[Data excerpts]
• • •

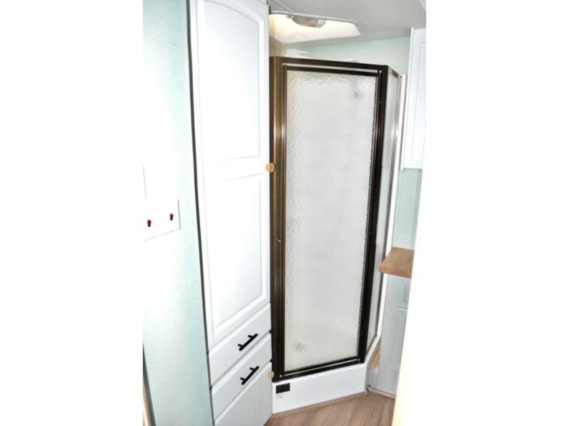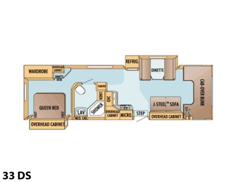 Double Slide, Rear Queen Bed Slideout w/Chests, Wardrobe, Vanity/Desk, Side Isle Bath w/Angle Shower, Lav., Med. Cabinet, Linen Closet, Pantry, Double Kitchen Sink, 3 Burner Range, Refrig. & Booth Dinette Slide or J-Steel Sofa & Sofa Table, J-Steel Sofa, LCD TV, Cab Over Bunk or Opt. Ent. Center & More.
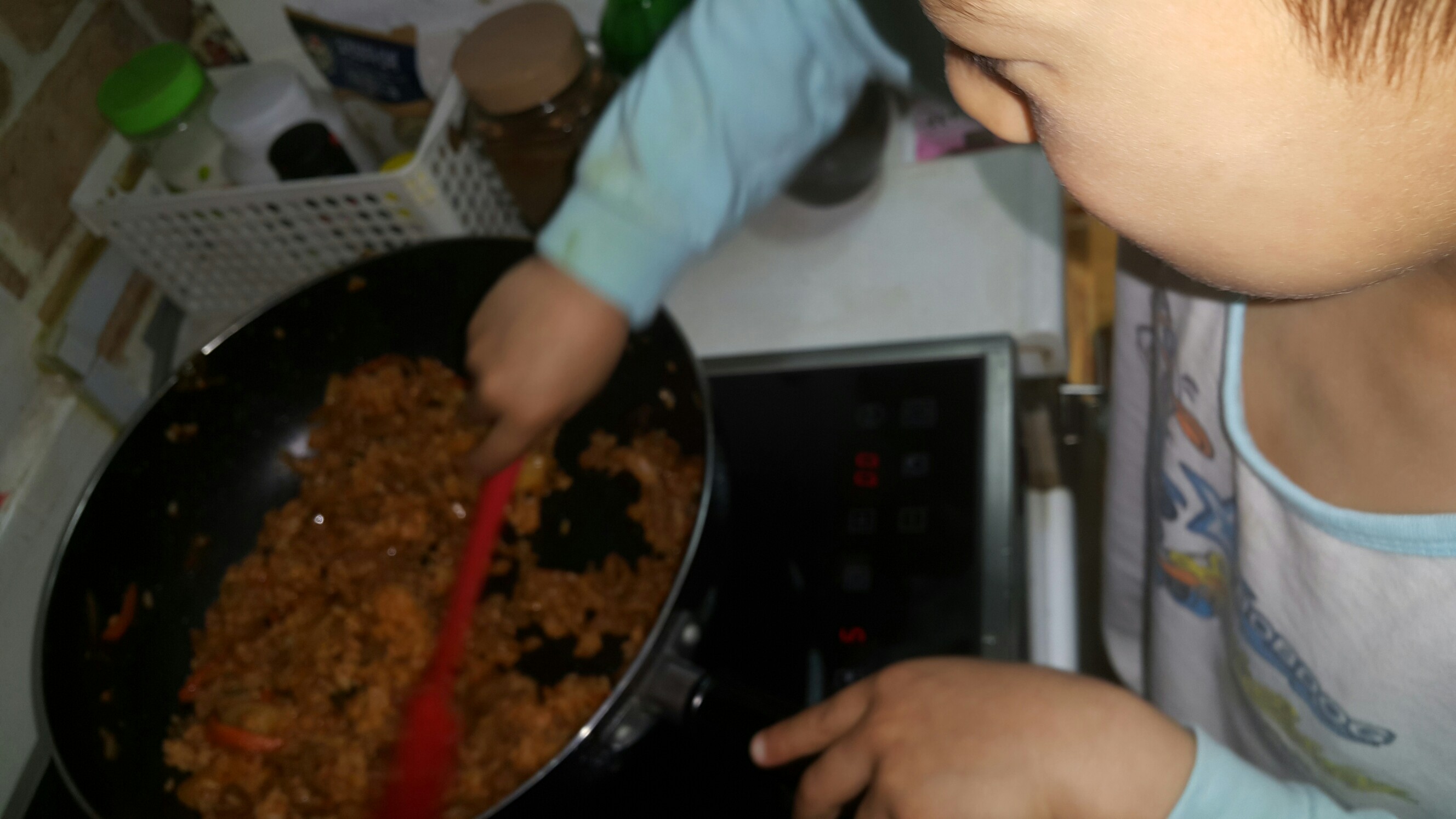 내가 타지않게 잘 뒤적뒤적하라고 했더니 양손으로 하면서 나잘하지용~하드라공~시언표 볶음밥♥
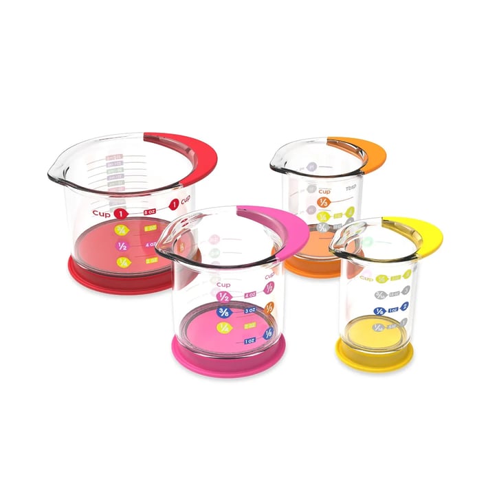 Чашите са безопасни за хранителни продукти, могат да се мият в съдомиялна машина и имат меки, лесни за хващане капаци с чучурчета за наливане и предпазители за разливане на дъното, които предотвратяват бъркотията и поддържат чашите стабилни.
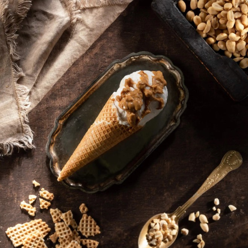 Kremowa pasta o smaku masła orzechowego z lekką słoną nutą, z dodatkiem chrupiących wafelków i siekanych orzeszków ziemnych - do przekładania i dekorowania lodów w kuwetach oraz stosowania w wyrobach cukierniczych.
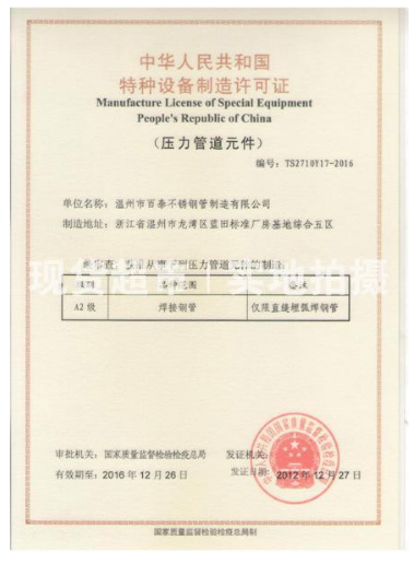 溫州市百泰不銹鋼管制造有限公司已取得國家特種設備制造許可證及ISO9001:2008質量體系,整套生產及檢測設備先進齊全,擁有800噸7米長液壓成型卷管機、1000噸10米長液壓成型卷管機、300噸液壓成型機、進口自動焊機、自動等離子機、液壓剪板機、X射線探傷機、水壓試驗機、冷拔機等。
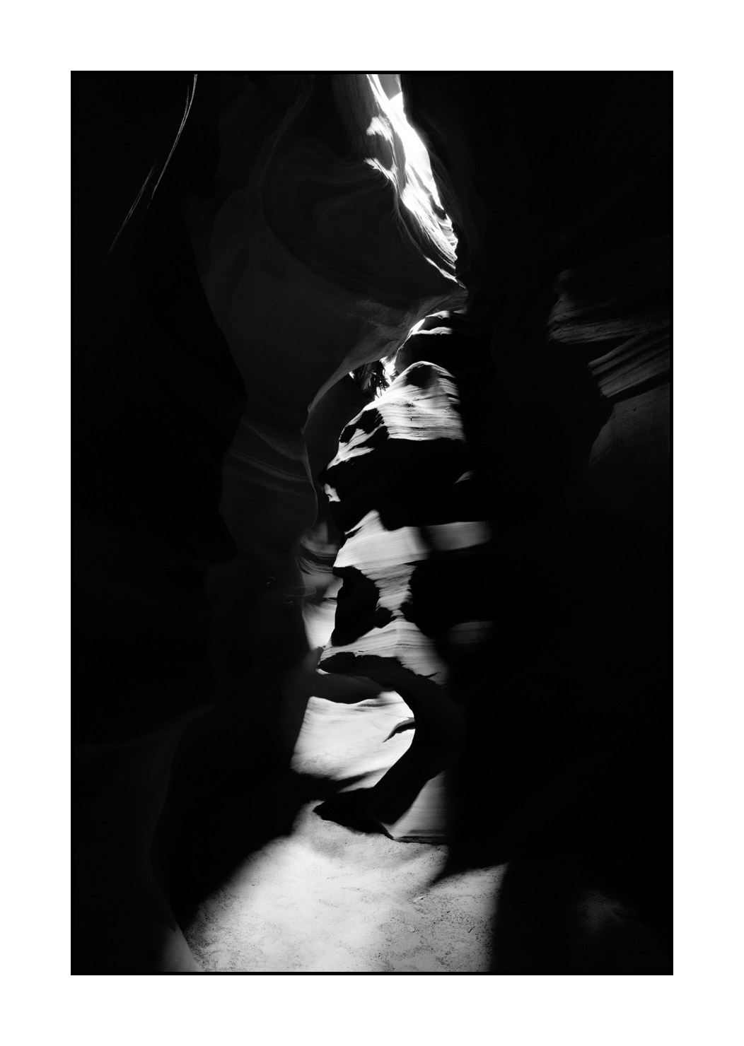 Paysage en noir et blanc de Antelope Canyon V: Finition museum Photo : 60cm x 40cm. Avec cadre : 73cm x 53cm.
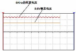 b、Vin輸入條件:電壓12V,Vpp=1V,紋波頻率5kHz。 用示波器測Vo=8.6V,見圖4。
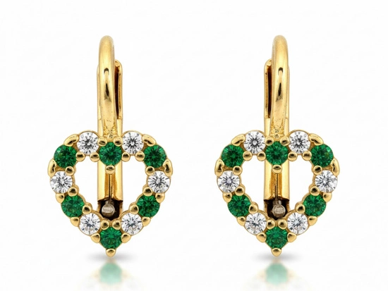 Złote kolczyki z sercem z zielonymi cyrkoniami
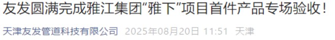 天津友发管道科技有限公司8月20日报道(点击链接查看全文:https://mp.weixin.qq.com/s/FIFRa8ygUa1P4rKrLPtVJg),近日,雅江集团“雅下”项目组领导一行先后莅临陕西友发钢管有限公司、天津友发管道科技有限公司,针对项目所需螺旋防腐保温钢管开展首件产品实地验收工作。经过系统验收,项目组最终出具结论:友发管道科技承制的“雅下”项目首件产品,关键指标全合格、质量文件全合规,首件验收通过。此次验收的圆满完成,标志“雅下”项目正式进入螺旋防腐保温钢管实质供货阶段。
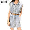RUGOD 2018 Summer Vintage Belted Denim Jumpsuit Romper Women Casual Sleeveless Frayed Tassel Bodysuit Women Overalls Streetwear
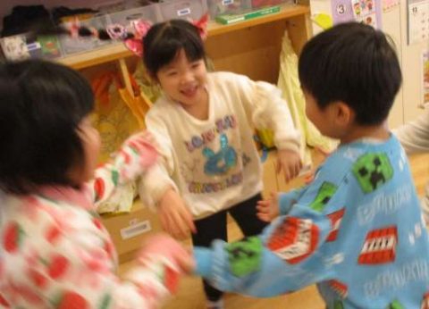 ダンスタイムでは、みんな大好き「チューチューねずみ海賊だ!」を踊りました🎵みんなで輪になって踊るところで大盛り上がりのぼたん組さんでした😊
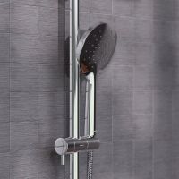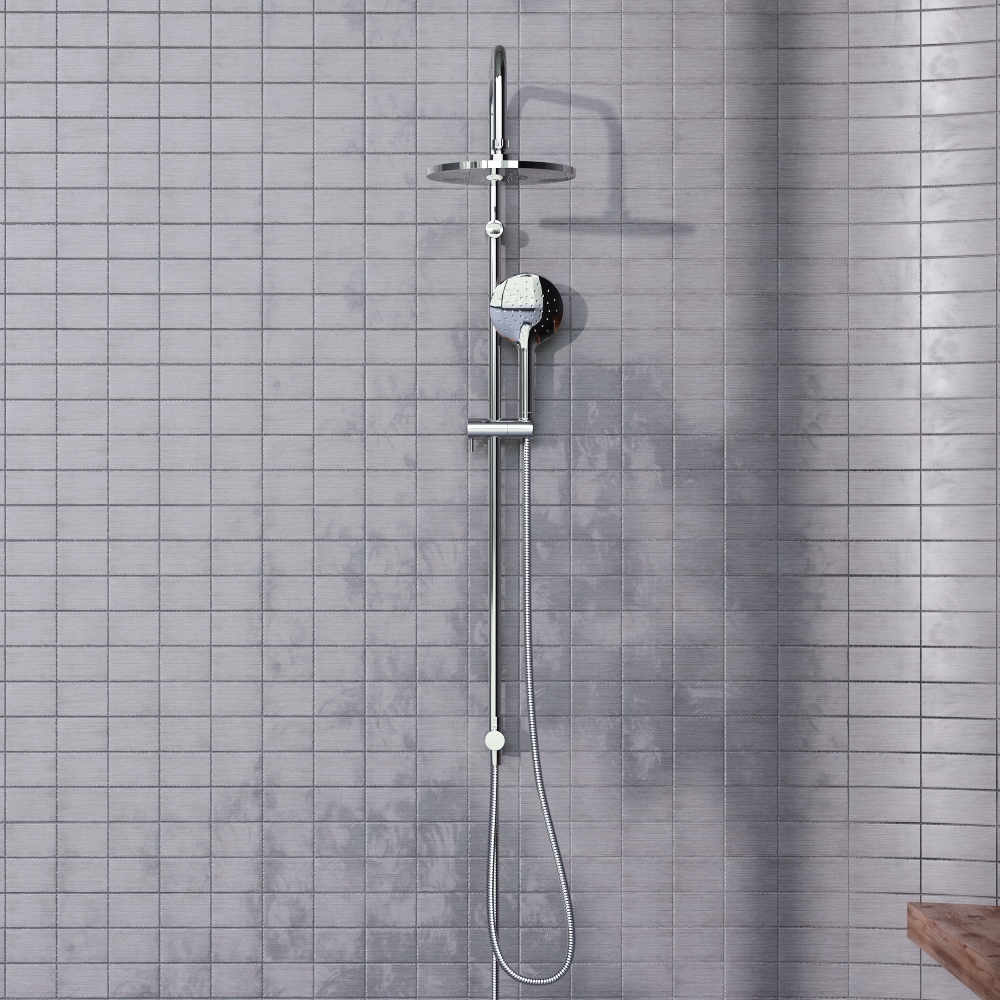 Минималистичный дизайн в классическом цвете хром - решение для современных дизайнерских проектов. Плавные линии в сочетании с массивными формами создают исключительную коллаборацию стиля. Увеличенные душевые лейки позволят полностью насладиться душевыми процедурами - взбодриться утром и расслабится вечером. Длина душевой штанги составляет 1010 мм ее можно установить на любой высоте и комфортно пользоваться душем людям любого роста. Наши инженеры рассчитали оптимальное расстояние между форсунками для распределения напора воды равномерно по всей лейке. В комплекте имеется душевой шланг с защитой от перекручивания. ""
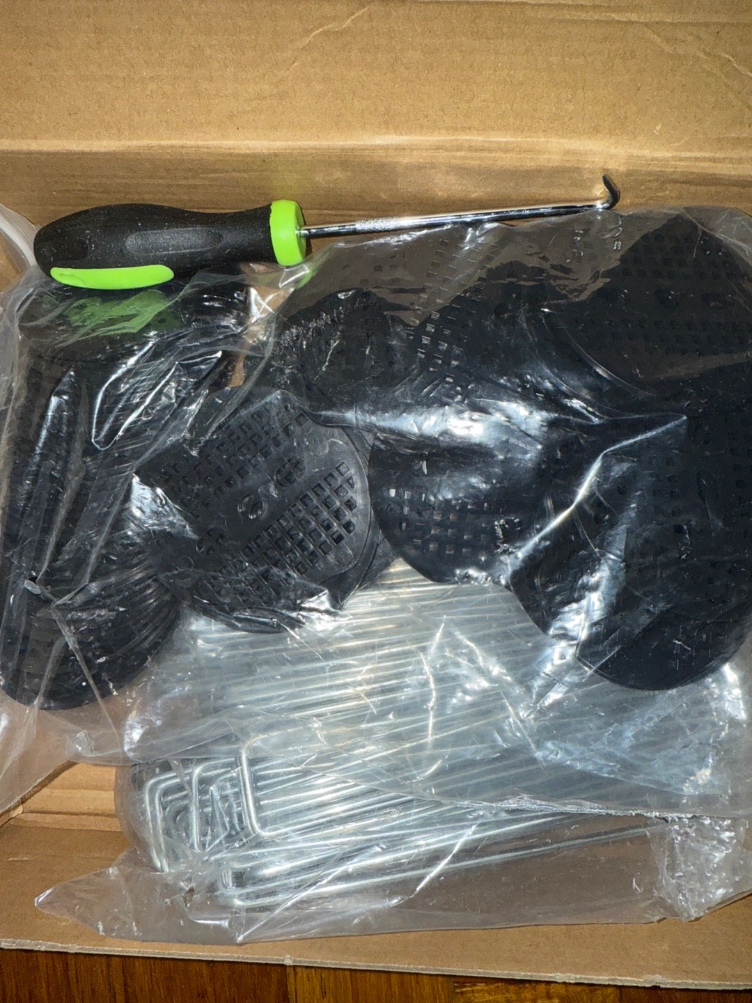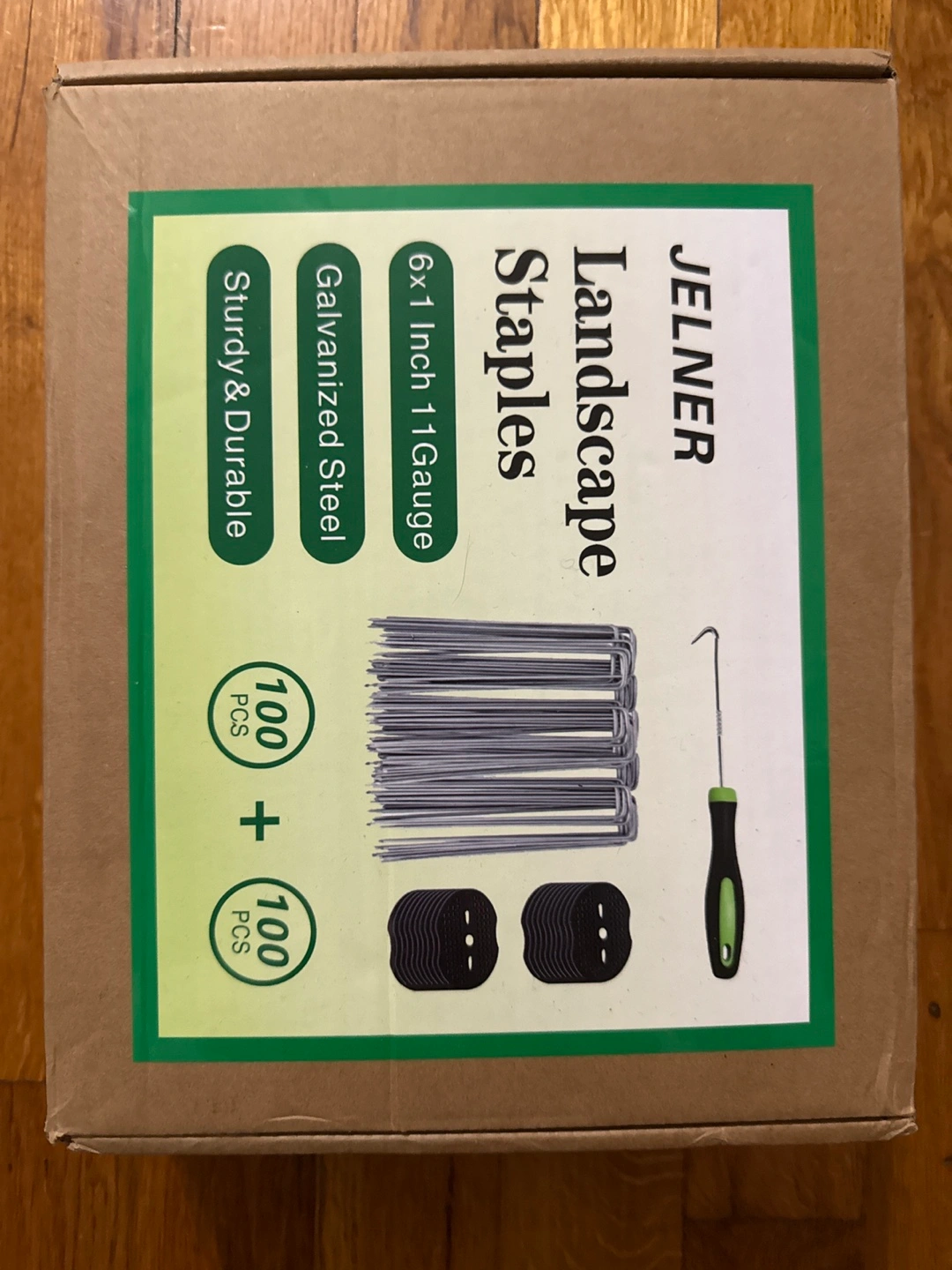 New, unopened box of JELNER landscape staples. Includes 100 galvanized steel 6x1 inch staples, 100 plastic landscape staples, and installation tool. Sturdy and durable.

• • •

**Task item**: In the records above, find the line containing "내가 타지않게 잘 뒤적뒤적하라고" and output every line from the first through that one, exactly, omitting pictures.

**Written response**:
 Double Slide, Rear Queen Bed Slideout w/Chests, Wardrobe, Vanity/Desk, Side Isle Bath w/Angle Shower, Lav., Med. Cabinet, Linen Closet, Pantry, Double Kitchen Sink, 3 Burner Range, Refrig. & Booth Dinette Slide or J-Steel Sofa & Sofa Table, J-Steel Sofa, LCD TV, Cab Over Bunk or Opt. Ent. Center & More.
 내가 타지않게 잘 뒤적뒤적하라고 했더니 양손으로 하면서 나잘하지용~하드라공~시언표 볶음밥♥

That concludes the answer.